Summary: Christ's unchanging love, entering into our ever-changing lives and worlds, can only be effective if we allow ourselves to expand our hearts and lives to try to love Him in return.

Friday of the 22nd Week in Course 2025 (St. Teresa of Calcutta)

“In the beginning was the Word, and the Word was with God, and the Word was God. He was in the beginning with God. All things came into being through him, and without him not one thing came into being.” That is how St. John the Evangelist said it, and we can be so grateful that it’s essentially what Paul wrote, “Christ Jesus is the image of the invisible God, the firstborn of all creation. For in him were created all things in heaven and on earth, the visible and the invisible, whether thrones or dominions or principalities or powers; all things were created through him and for him. He is before all things, and in him all things hold together.”

St. Paul calling Him the “firstborn of all creation” does not mean Jesus was a creature. That was the heresy of Arius. He was firstborn, the perfect image of the Father, but He was and is “God from God, Light from Light, true God from true God.” All creation came into being through Him. So the Son cannot be part of the created order.

But the Son of God took flesh in the Virgin Mary, and so He had the fullness of human nature. Because He was both God and man, He could empty Himself of His glory and offer Himself as a sacrifice to make peace between God and man by the Blood of His cross. We are human and so through faith, in baptism, we can partake of Christ’s death and offering, becoming other Christs for this world today.

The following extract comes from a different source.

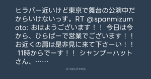 ヒラパー近いけど東京で舞台の公演中だからいけないっす。RT @spanmizumoto: おはようございます!! 今日は今から、ひらぱーで営業でございます!!お近くの肩は是非見に来て下さーい!! 11時からでーす!! シャンプーハットさん、笑い飯さん、南海キャンディーズさん、あべ
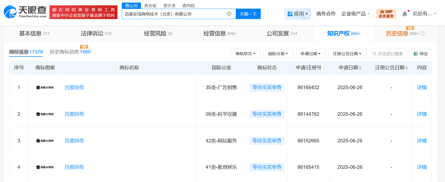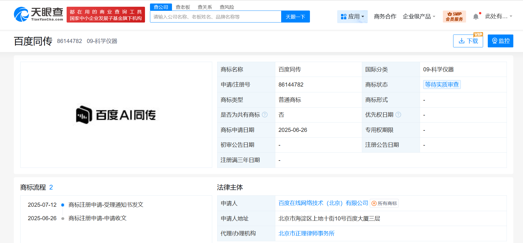 天眼查App显示,近日,百度在线网络技术(北京)有限公司申请注册多枚“百度AI同传”商标,国际分类为科学仪器、网站服务、教育娱乐等,当前商标状态均为等待实质审查。

This plan just burst the mental capacity of the first-century Pharisee, who didn’t understand why the disciples of John fasted, and those of Jesus did not. Jesus presented Himself to them as the Divine Bridegroom readying His disciples for the wedding feast. Why did that offend the Pharisees and scribes so much? Because the OT, especially in the prophets Isaiah and Hosea, envisioned YHWH/Adonai as the bridegroom and the people of Israel as the bride. When Jesus went further and compared His teaching and His mission to wine being poured out into a wineskin, they knew He was talking about their rites and teaching systems, which could not expand to accommodate the rites and teachings of Christ and the Church He was establishing. Jesus knew that there could be no compromise with the old sectarianism of Israel, and that they would, and did, conspire to murder Him.

Our psalmist today leads us in acclaiming the goodness, the chesed or loving kindness and the amunah or faithfulness of the Lord. We do make a mistake when we love the status quo so much that we cannot expand or adjust our thinking to the Word of God. The mistake is believing that God’s unchanging faithfulness is as procrustean as our habits. The very fact that God’s reality transcends our ability to understand His work means that we must always be ready to change our appreciation of Him. His unchanging love, entering into our ever-changing lives and worlds, can only be effective if we allow ourselves to expand our hearts and lives to try to love Him in return.

Those who have studied the life of the woman we celebrate today, St. Teresa of Calcutta, realize that she was always ready to expand her heart and life, and that of her religious congregation, the Missionaries of Charity. Only in that way could they bear effective witness not only to the indigent homeless they served, but to us self-satisfied moderns living in a society that considers unselfish, ever-giving love to be a waste.